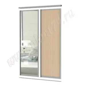 Комбинированные двери для шкафа купе, состоящие из листа ЛДСП и зеркала, предлагаются для следующих размеров проема: 1500×2500 мм; 1700×2500 мм. Указанные габариты соответствуют размерам проема в шкафу. В комплект входят две двери.
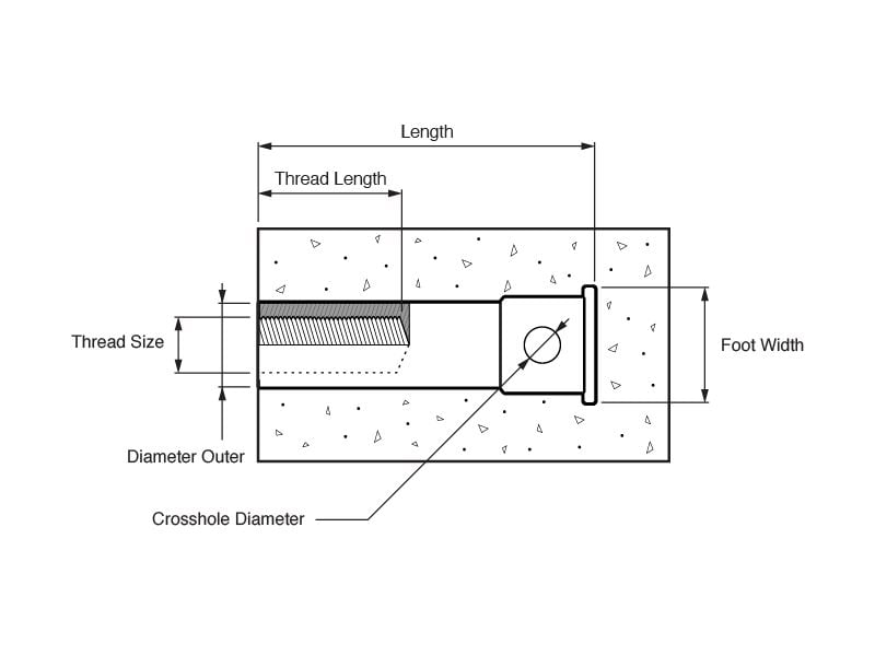 | SKU | Int. Thread x Overall Length: | Thread Insert: | Foot Shape: | Cross Hole Dia.: |
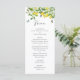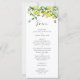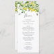 This is a watercolor lemon botanical themed bridal shower menu. The design shows a branch of a summery lemon tree, its white flowers, green leaves and fluttering butterflies.
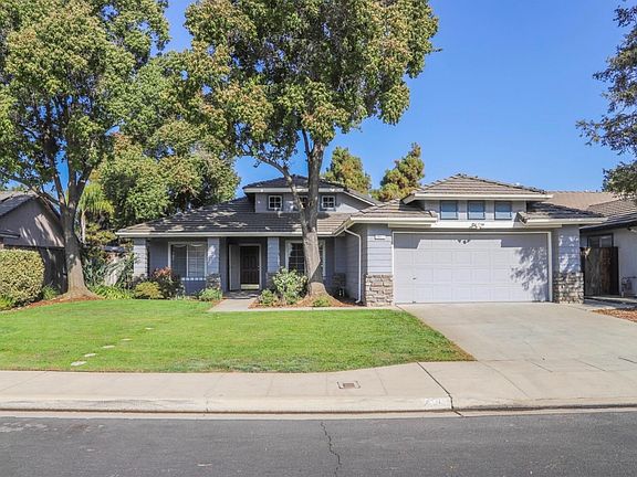 Home has a huge front yard with a inviting front porch. Large kitchen with tons of cabinets, newer tiled counter tops and back splash along with a great view of the front yard. Office/Den/Bedroom or Playroom right off of the living room. All 3 bedrooms have fans. Dual sinks in master bath. Large back yard, along with Clovis Schools.
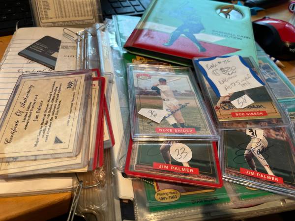 Eck,Koufax,Henderson,Mac,Ryan,Jetter,ARod, Thomas a few Mays, both Jacksons, Zito--all the rest as well 5000 giants,3000 As 2000 each Dodgers, yanks mets,red sox ABOUT 5 CENTS EACH ; in San Rafael this week Also about 19 wax boxes andcomplete and partial sets from 1972 on plus 600 loose packs . WAX BOXES. Fewer Basketball and Football Cheaper s offers at 30 % of those prices are probably fine. show contact info
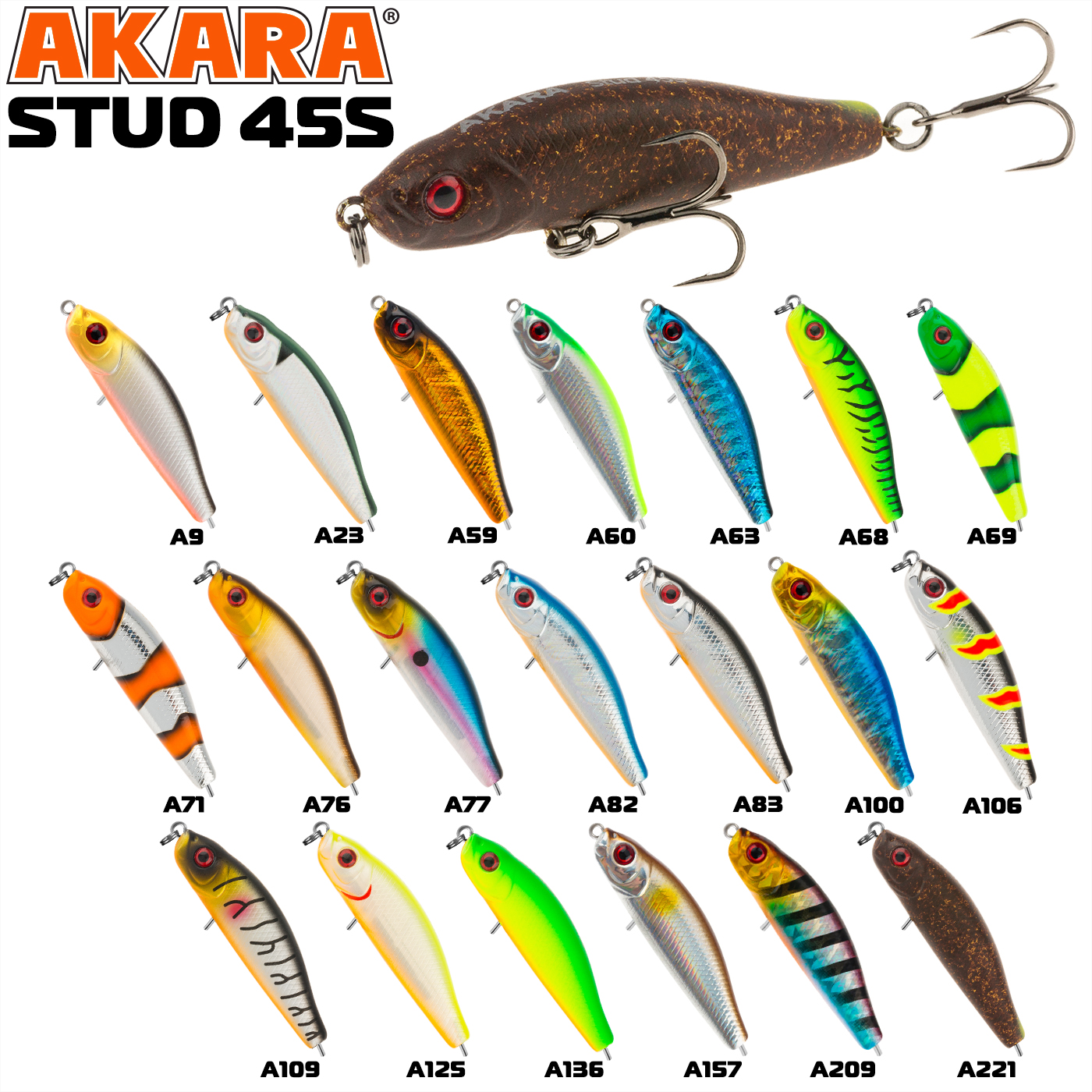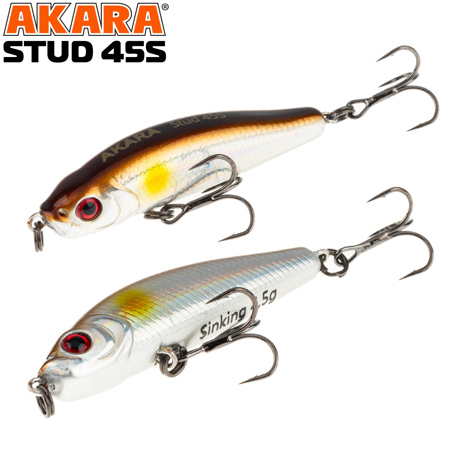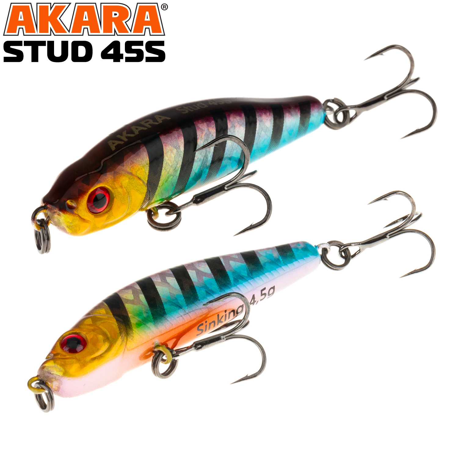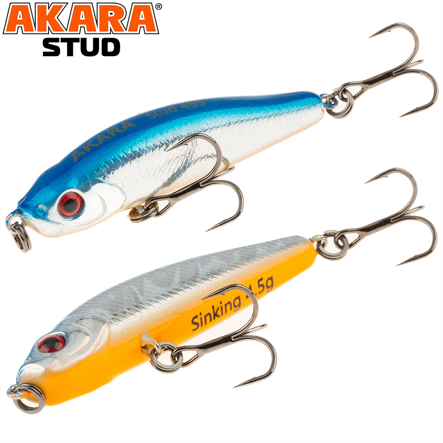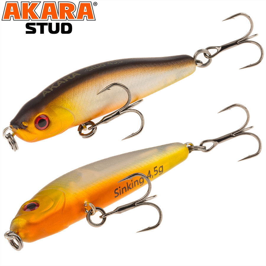 Воблер Akara Stud - ловля окуня в поверхностном слое воды - это конек Студа. Компактный тонущий стик позволяет сделать дальный и точный заброс в точку, где мгновение назад в погоне за мальком плюхнул окунь. Если все сделать быстро, то окунь не устоит и переключит свое внимание с удирающего малька на аппетитный стик. Устоять перед такой приманкой очень сложно. На паузе стик тонет лениво покачивая боками, провоцируя полосатого на атаку. Но и когда активность окуня на поверхности исчезла, не торопитесь менять приманку. Окунь, скорее всего, никуда не ушел. Он здесь же, но опустился ко дну. Выдерживая большие паузы между рывками можно обловить и придонные слои воды. И если приманка окажется в зоне реакции окуня, то он схватит ее и около дна. Тонущий.
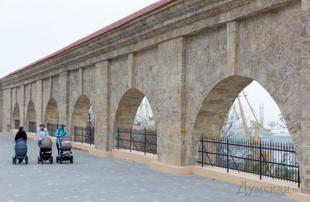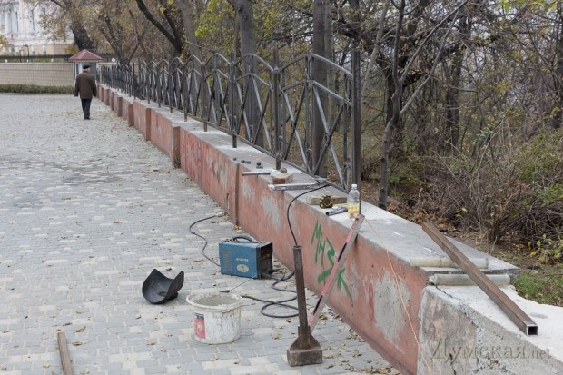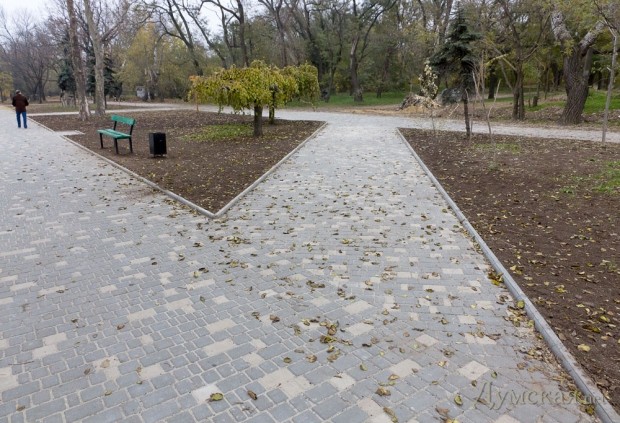 Суворовскую аллею покрыли плиточкой. Грядет масштабная электрификация: ближе к Маразлиевской своего часа ждут опоры уличных фонарей, а вдоль моря уже практически закончили вкапывать контактную сеть. Обновленную Суворовскую постепенно отделяют от небезопасного крутого склона ажурным заборчиком. Бортик в некоторых местах оперативно ремонтируют с помощью бетона. Загадочные рабочие на небольшом экскаваторе зачем-то выдергивают установленные при открытии обновленной Карантинной стены скамейки и мусорные урны. Газоны парка оккупировали работники «Горзелентреста», которые с любовью подготавливают тонкий слой чернозема к зиме.
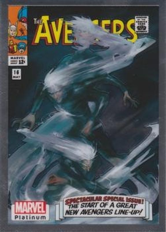 The Quicksilver 2023 Upper Deck Marvel Platinum #WI50 Cover Variant card is 1 of 44 Quicksilver's card variations in the 2023 Upper Deck Marvel Platinum set being tracked by Sports Card Investor, including Base, Black Rainbow, Blue Rainbow, Blue Surge, and Purple Rainbow.
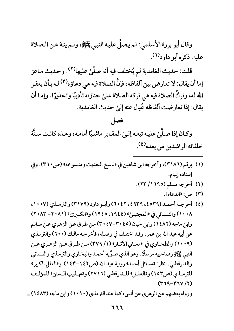 قلت: حديث الغامدية لم يُختلف فيه أنه صلّى عليها (¬٢). وحديث ماعز إما أن يقال: لا تعارض بين ألفاظه، فإنَّ الصلاة فيه هي دعاؤه (¬٣) له بأن يغفر الله له، وتركُ الصلاة فيه هي تركه الصلاة على جنازته تأديبًا وتحذيرًا. وإما أن يقال: إذا تعارضت ألفاظه عُدِل عنه إلى حديث الغامدية.
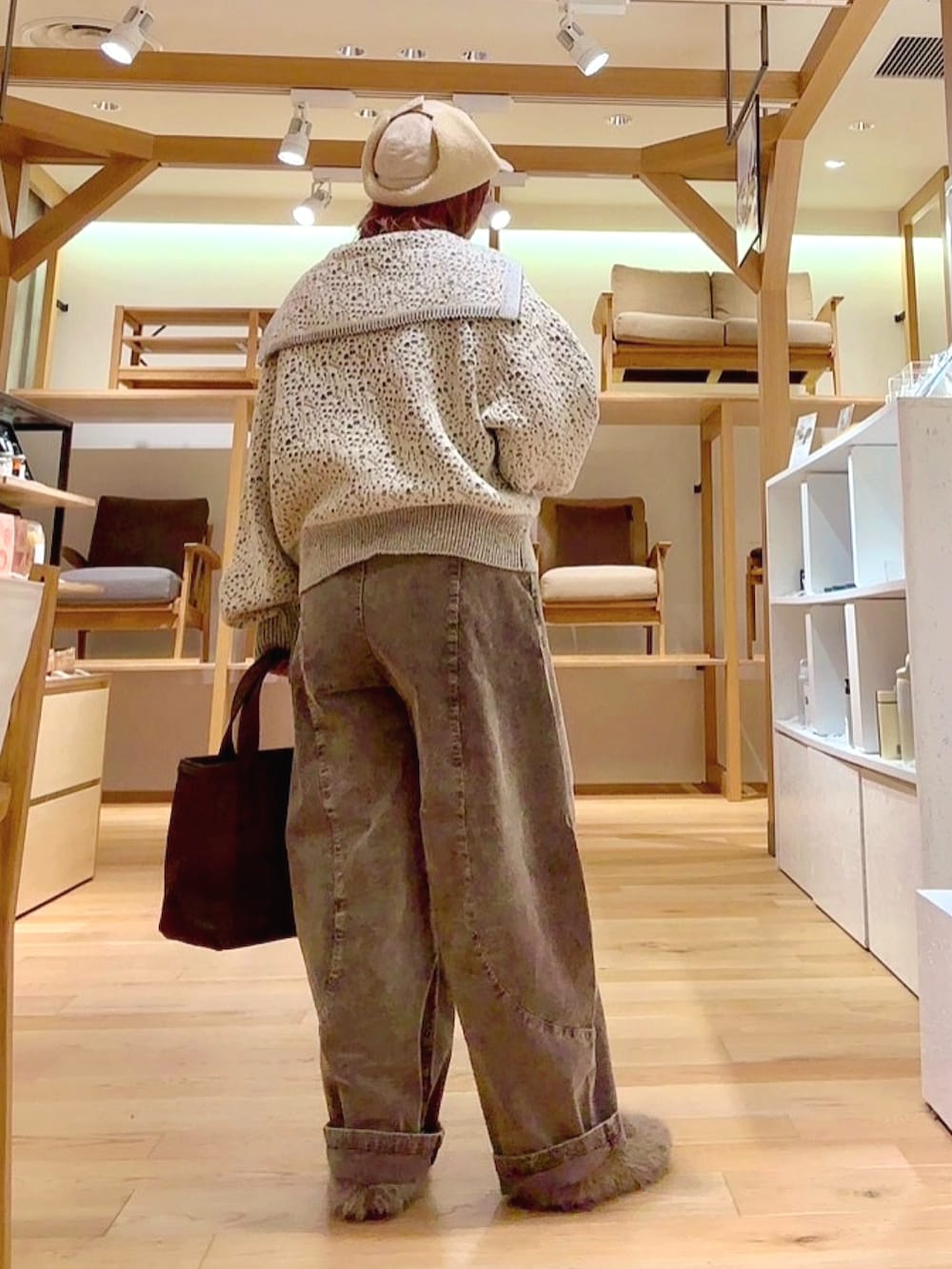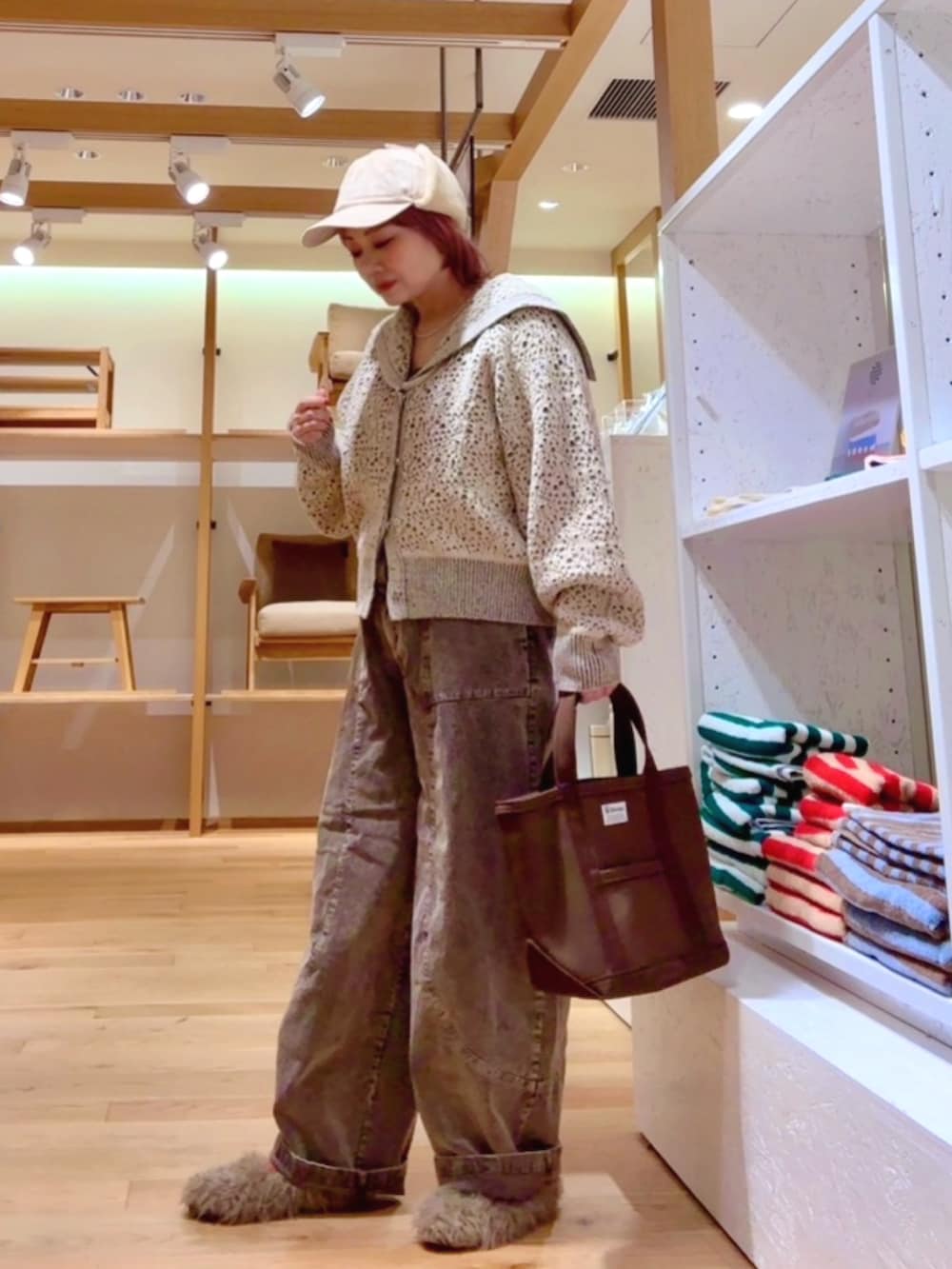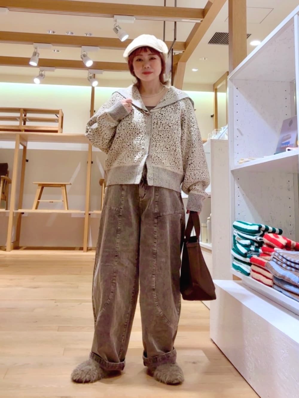 パンツはコーデュロイのカーブパンツです!こちらも三色展開になっており、ヘーゼルとブラウンは擦れたような色味がとてもオシャレでコーデュロイの風合いがよく出ていて可愛いです!ブラックは合わせやすくカーブの形がキレイに強調され小洒落感が出ておすすめです!
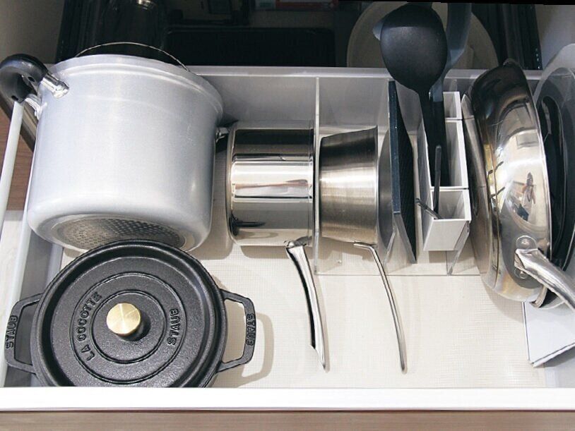 すぐ取れるからと、以前はつるしておいたキッチンツールは、一緒に使うフライパンや鍋とセットで引き出しに入れておくことで、「スッキリ」と「使いやすさ」を両立。
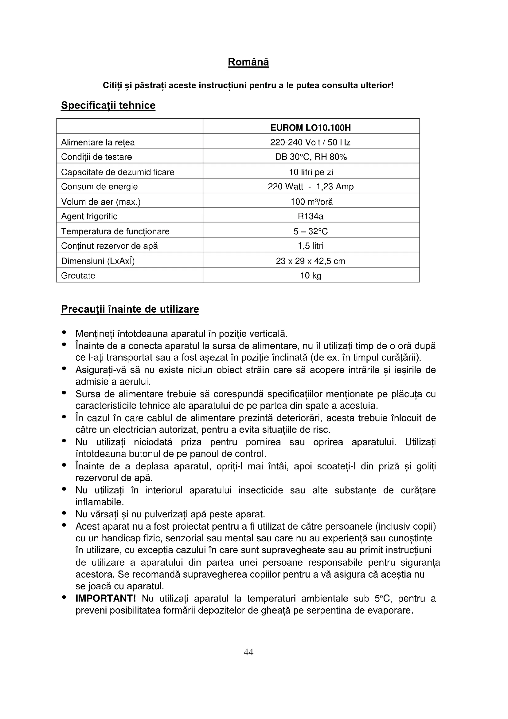 Prin preventa, Euromac bv., Genemuiden-NL declara faptul cădezumidificatorul marca EUROM, tip LO10.100H, este în conformitate cu directiva LVD 2006/95/CEși cu directiva CEM 2004/108/CE (modificata prin 93/68/CEE)șiăndeplinește următoarele standarde:
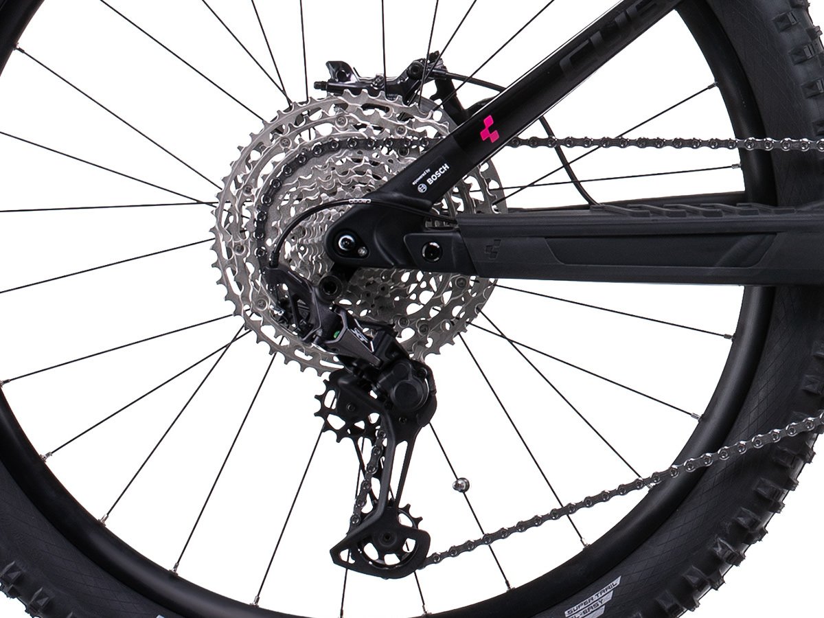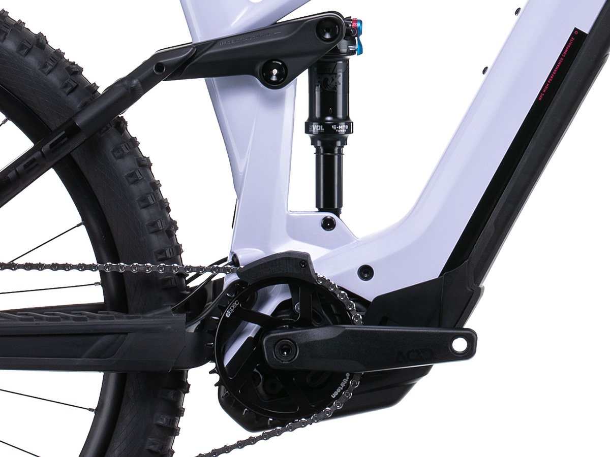 Le pilotage du CUBE Stereo Hybrid 140 HPC SL 625 27.5 violetwhite´n´black 2022 est intuitif et dynamique, grâce aux performances de l’unité motrice Bosch CX de quatrième génération.
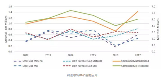 該調(diào)查還表明,在2017年的施工季節(jié),新瀝青路面混合料中使用了近7900萬(wàn)噸再生材料,與2016年的數(shù)量差不多。2017年,美國(guó)除了繼續(xù)將RAP和再生瀝青瓦(RAS)應(yīng)用于新路面,還使用了其他再生材料——包括輪胎橡膠、鋼渣、高爐礦渣以及再生纖維素纖維(Cellulose Fiber)。其中,僅RAP與RAS兩項(xiàng)就比應(yīng)用原始材料節(jié)約超過22億美元的成本。雖然沒有統(tǒng)計(jì)全國(guó)的用量,但是根據(jù)調(diào)查受訪者的反饋信息,約有150萬(wàn)噸輪胎橡膠、礦渣、纖維素纖維和其他廢棄材料被循環(huán)利用到將近750萬(wàn)噸的瀝青路面混合料中。
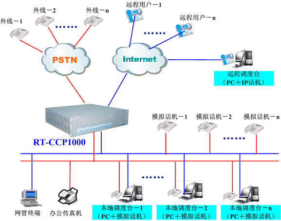 融天科技一體化IP調(diào)度指揮系統(tǒng)RT-CCP1000充分融入了先進的VOIP技術(shù),支持遠程IP用戶接入/遠程調(diào)度模式,該調(diào)度系統(tǒng)可廣泛地適用于部隊、鐵路、水力、電力、航空、礦山、石油、冶金、化工等企業(yè)與單位,系統(tǒng)組網(wǎng)圖大致如下:
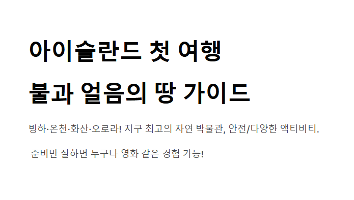 첫 아이슬란드 여행자도 당황하지 않고 일정·예산·장비를 완벽히 세팅할 수 있도록 돕는 것입니다.

○ ○ ○

Exercise directions ::
Every line from the one with "This is a watercolor" through the one with "Воблер Akara Stud" is to be reproduced exactly as written above, and the pictures are to be dropped.

Reply to the exercise ::
 This is a watercolor lemon botanical themed bridal shower menu. The design shows a branch of a summery lemon tree, its white flowers, green leaves and fluttering butterflies.
 Home has a huge front yard with a inviting front porch. Large kitchen with tons of cabinets, newer tiled counter tops and back splash along with a great view of the front yard. Office/Den/Bedroom or Playroom right off of the living room. All 3 bedrooms have fans. Dual sinks in master bath. Large back yard, along with Clovis Schools.
 Eck,Koufax,Henderson,Mac,Ryan,Jetter,ARod, Thomas a few Mays, both Jacksons, Zito--all the rest as well 5000 giants,3000 As 2000 each Dodgers, yanks mets,red sox ABOUT 5 CENTS EACH ; in San Rafael this week Also about 19 wax boxes andcomplete and partial sets from 1972 on plus 600 loose packs . WAX BOXES. Fewer Basketball and Football Cheaper s offers at 30 % of those prices are probably fine. show contact info
 Воблер Akara Stud - ловля окуня в поверхностном слое воды - это конек Студа. Компактный тонущий стик позволяет сделать дальный и точный заброс в точку, где мгновение назад в погоне за мальком плюхнул окунь. Если все сделать быстро, то окунь не устоит и переключит свое внимание с удирающего малька на аппетитный стик. Устоять перед такой приманкой очень сложно. На паузе стик тонет лениво покачивая боками, провоцируя полосатого на атаку. Но и когда активность окуня на поверхности исчезла, не торопитесь менять приманку. Окунь, скорее всего, никуда не ушел. Он здесь же, но опустился ко дну. Выдерживая большие паузы между рывками можно обловить и придонные слои воды. И если приманка окажется в зоне реакции окуня, то он схватит ее и около дна. Тонущий.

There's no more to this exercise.